START Records provided

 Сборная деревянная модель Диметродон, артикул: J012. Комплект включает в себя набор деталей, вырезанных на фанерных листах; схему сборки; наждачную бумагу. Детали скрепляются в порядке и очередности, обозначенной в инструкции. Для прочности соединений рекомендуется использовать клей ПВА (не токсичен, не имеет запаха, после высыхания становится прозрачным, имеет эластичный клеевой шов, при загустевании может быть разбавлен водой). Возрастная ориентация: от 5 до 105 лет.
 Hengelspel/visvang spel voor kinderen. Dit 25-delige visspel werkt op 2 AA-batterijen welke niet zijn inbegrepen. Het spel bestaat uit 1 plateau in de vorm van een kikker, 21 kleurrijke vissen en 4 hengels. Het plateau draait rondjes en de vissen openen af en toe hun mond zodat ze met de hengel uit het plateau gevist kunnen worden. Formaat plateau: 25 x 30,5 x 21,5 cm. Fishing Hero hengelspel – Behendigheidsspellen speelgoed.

END Records provided
START Records provided

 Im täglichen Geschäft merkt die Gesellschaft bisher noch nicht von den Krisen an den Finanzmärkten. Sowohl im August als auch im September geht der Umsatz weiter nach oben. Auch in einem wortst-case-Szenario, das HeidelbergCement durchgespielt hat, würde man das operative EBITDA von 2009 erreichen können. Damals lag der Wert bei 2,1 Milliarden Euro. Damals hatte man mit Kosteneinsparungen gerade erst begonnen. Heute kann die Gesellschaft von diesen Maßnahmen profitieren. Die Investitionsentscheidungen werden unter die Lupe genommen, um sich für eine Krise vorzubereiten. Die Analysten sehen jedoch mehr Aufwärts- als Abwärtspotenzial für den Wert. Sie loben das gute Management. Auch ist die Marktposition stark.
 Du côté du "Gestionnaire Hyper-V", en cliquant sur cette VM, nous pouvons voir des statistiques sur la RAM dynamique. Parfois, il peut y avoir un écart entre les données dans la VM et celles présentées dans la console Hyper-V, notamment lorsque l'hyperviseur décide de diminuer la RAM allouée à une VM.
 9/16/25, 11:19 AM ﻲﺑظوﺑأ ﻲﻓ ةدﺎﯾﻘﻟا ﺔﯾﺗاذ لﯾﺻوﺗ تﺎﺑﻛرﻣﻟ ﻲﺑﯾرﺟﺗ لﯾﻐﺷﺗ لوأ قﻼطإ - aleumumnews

END Records provided

Required action:
From the records above, give again exactly the lines running from the line with "allouée à une VM." to the line with "9/16/25, 11:19 AM", inclusive.

Task solution:
 Du côté du "Gestionnaire Hyper-V", en cliquant sur cette VM, nous pouvons voir des statistiques sur la RAM dynamique. Parfois, il peut y avoir un écart entre les données dans la VM et celles présentées dans la console Hyper-V, notamment lorsque l'hyperviseur décide de diminuer la RAM allouée à une VM.
 9/16/25, 11:19 AM ﻲﺑظوﺑأ ﻲﻓ ةدﺎﯾﻘﻟا ﺔﯾﺗاذ لﯾﺻوﺗ تﺎﺑﻛرﻣﻟ ﻲﺑﯾرﺟﺗ لﯾﻐﺷﺗ لوأ قﻼطإ - aleumumnews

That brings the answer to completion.